BEGIN MATERIAL SHOWN
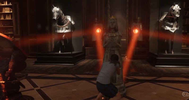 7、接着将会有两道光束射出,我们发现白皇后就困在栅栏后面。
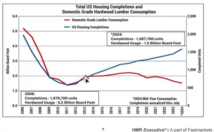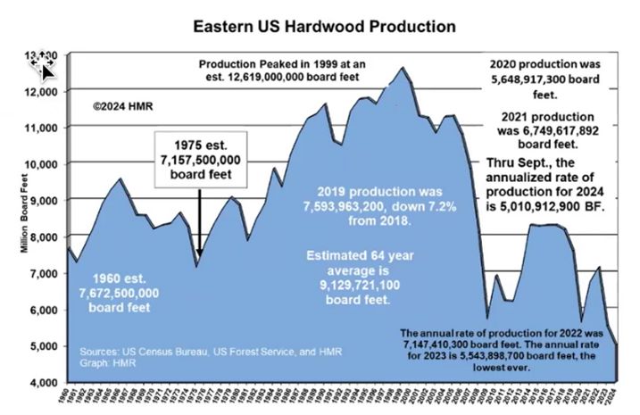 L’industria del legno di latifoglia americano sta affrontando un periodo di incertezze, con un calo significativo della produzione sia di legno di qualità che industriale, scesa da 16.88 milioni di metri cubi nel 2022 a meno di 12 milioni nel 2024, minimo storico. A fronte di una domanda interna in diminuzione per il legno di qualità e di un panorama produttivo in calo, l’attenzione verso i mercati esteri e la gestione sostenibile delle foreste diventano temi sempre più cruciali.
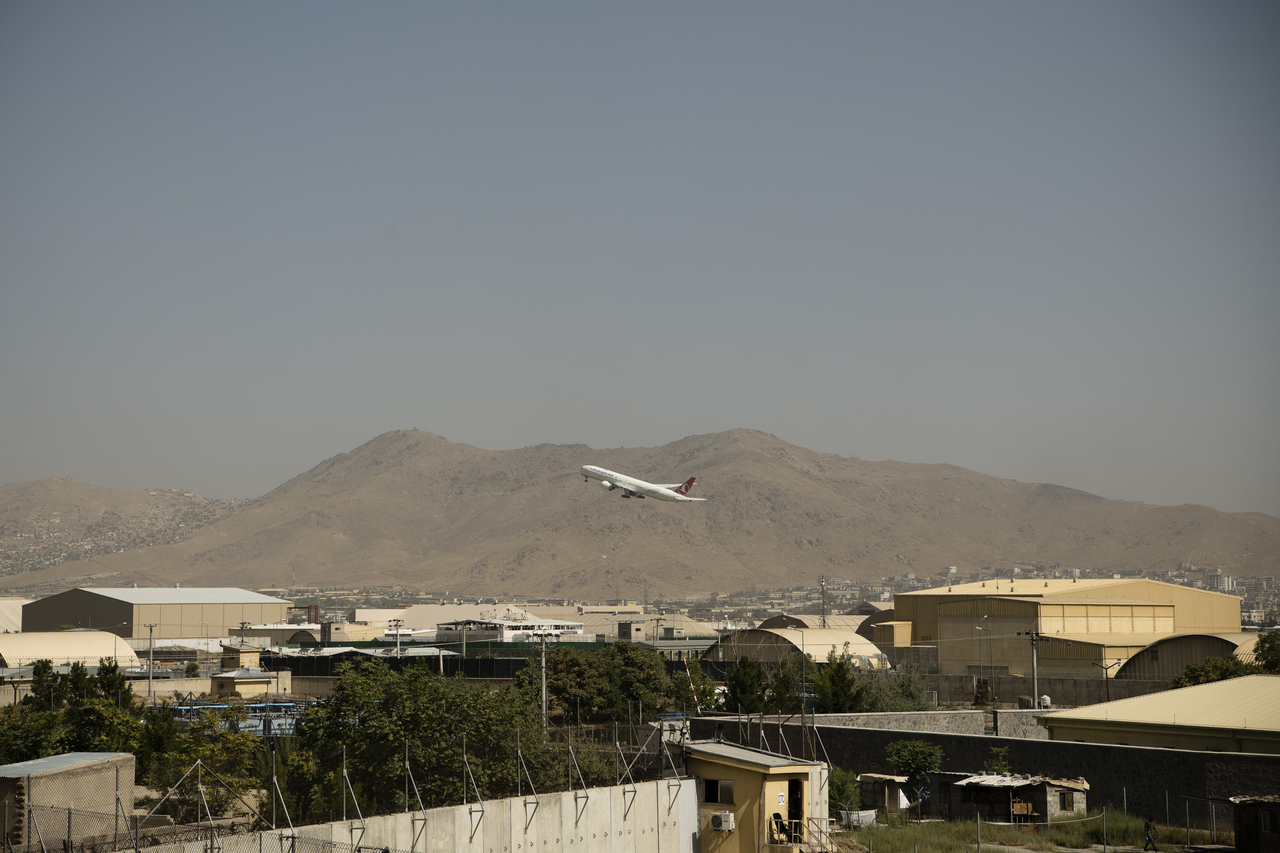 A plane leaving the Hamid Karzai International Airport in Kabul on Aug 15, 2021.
END MATERIAL SHOWN
BEGIN MATERIAL SHOWN
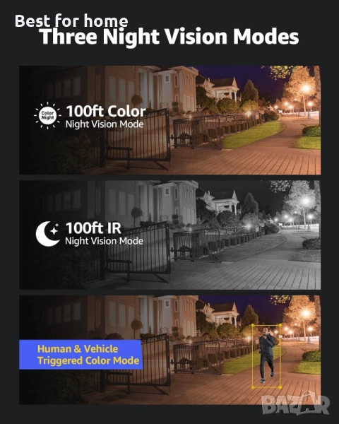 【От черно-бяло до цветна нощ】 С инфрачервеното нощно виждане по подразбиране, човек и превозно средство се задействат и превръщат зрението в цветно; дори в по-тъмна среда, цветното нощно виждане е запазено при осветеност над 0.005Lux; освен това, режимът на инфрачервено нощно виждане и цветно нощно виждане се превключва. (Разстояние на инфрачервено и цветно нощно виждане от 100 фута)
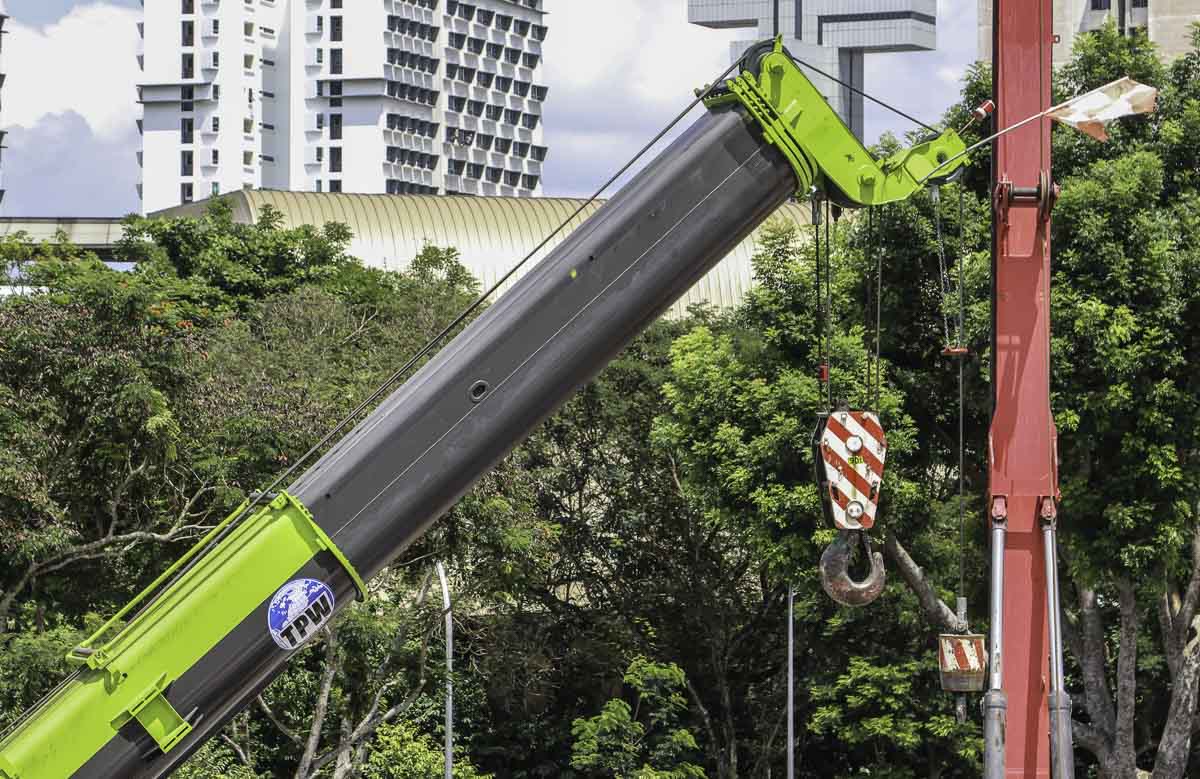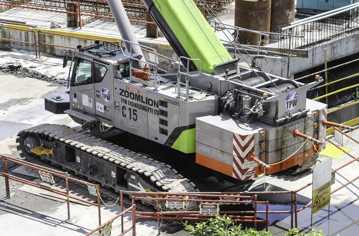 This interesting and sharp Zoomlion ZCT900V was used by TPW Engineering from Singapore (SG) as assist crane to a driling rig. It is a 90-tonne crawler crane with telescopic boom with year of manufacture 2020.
END MATERIAL SHOWN
WHAT YOU ARE ASKED TO DO: Starting with the line that has "L’industria del legno" and ending with the line that has "A plane leaving", repeat the lines above exactly, omitting every picture.

OUTPUT FOR THIS EXERCISE:
 L’industria del legno di latifoglia americano sta affrontando un periodo di incertezze, con un calo significativo della produzione sia di legno di qualità che industriale, scesa da 16.88 milioni di metri cubi nel 2022 a meno di 12 milioni nel 2024, minimo storico. A fronte di una domanda interna in diminuzione per il legno di qualità e di un panorama produttivo in calo, l’attenzione verso i mercati esteri e la gestione sostenibile delle foreste diventano temi sempre più cruciali.
 A plane leaving the Hamid Karzai International Airport in Kabul on Aug 15, 2021.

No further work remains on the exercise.